Y lo que es necesidad para cada uno de
nosotros, lo es para la Iglesia entera que
si no es pobre no puede ser misionera ni libre, lo que argüiría un fallo
esencial en la misión. No pondría su tienda en el campo de los hombres
convirtiéndose en un monumental establecimiento con todos los inconvenientes
que tiene el "establecerse". Los pobres no serian evangelizados (49).

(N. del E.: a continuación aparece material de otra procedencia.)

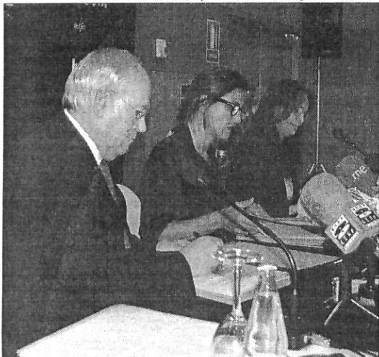
Imagen de la firma del acuerdo de colaboración

La nueva entidad contará con 267 oficinas, 945 empleados, 364.218 clientes y 4.012 millones de activos totales. Según indicó Díaz Zarco ocupará la quinta posición por activos totales medios de todo el grupo de cajas rurales de España y será la segunda caja rural por beneficios, por detrás de la Rural de Navarra. □

Nadie duda del papel a desempeñar al
respecto por los sacerdotes. Si el clero se ha caracterizado a lo largo de
siglos por ser una clase social privilegiada, en la que se era algo y se
disponía de bienes principalmente por el hecho de pertenecer a la casta, con lo
que la eficacia misionera de la Iglesia se ha visto disminuida hasta extremos
bien conocidos por todos, especialmente en lo que se refiere a los más pobres,
solo la vuelta, el retorno, al Evangelio de la gratuidad, nos hará reencontrar
nuestro único "privilegio", el de ser llamados para el servicio del
Pueblo de Dios preferentemente en sus miembros más débiles; lo que mostrará al mundo un rostro de
Iglesia verdaderamente creíble con un sacerdocio auténticamente testigo del
amor de Dios a los hombres.
Lo dicho nos muestra que solo el sacerdote pobre, como la Iglesia pobre, es y está
verdaderamente disponible. No solo en el sentido funcional de, por no tener
nada no tiene nada que abandonar, y a todo se puede comprometer, sino en el
sentido teológico, nacido de la misma sacramentalidad del orden presbiteral, de
realizar la obra de Dios —todo ha sido creado por Cristo y para Cristo— hasta
las últimas consecuencias —encarnación redentora— que incluye el modo querido
por Dios para llevar a cabo su único plan salvador. Desde esta perspectiva
creemos que lo que entendemos por disponibilidad adquiere una profundidad y
amplitud que el simple concepto no puede revelar.
NOTAS.—
44. PO. 17.
45. Mt. 10, 8
46. Jn. 1, 3; Col. 1, 15-17; Filp. 2, 6 ss; Hebr. 1, 2-4; lª Cor. 8, 6.
47. lª
Cor. 3, 22-23.
48. lª
Jn. 2, 16.
49. I. M. Chenú. El Evangelio en el tiempo.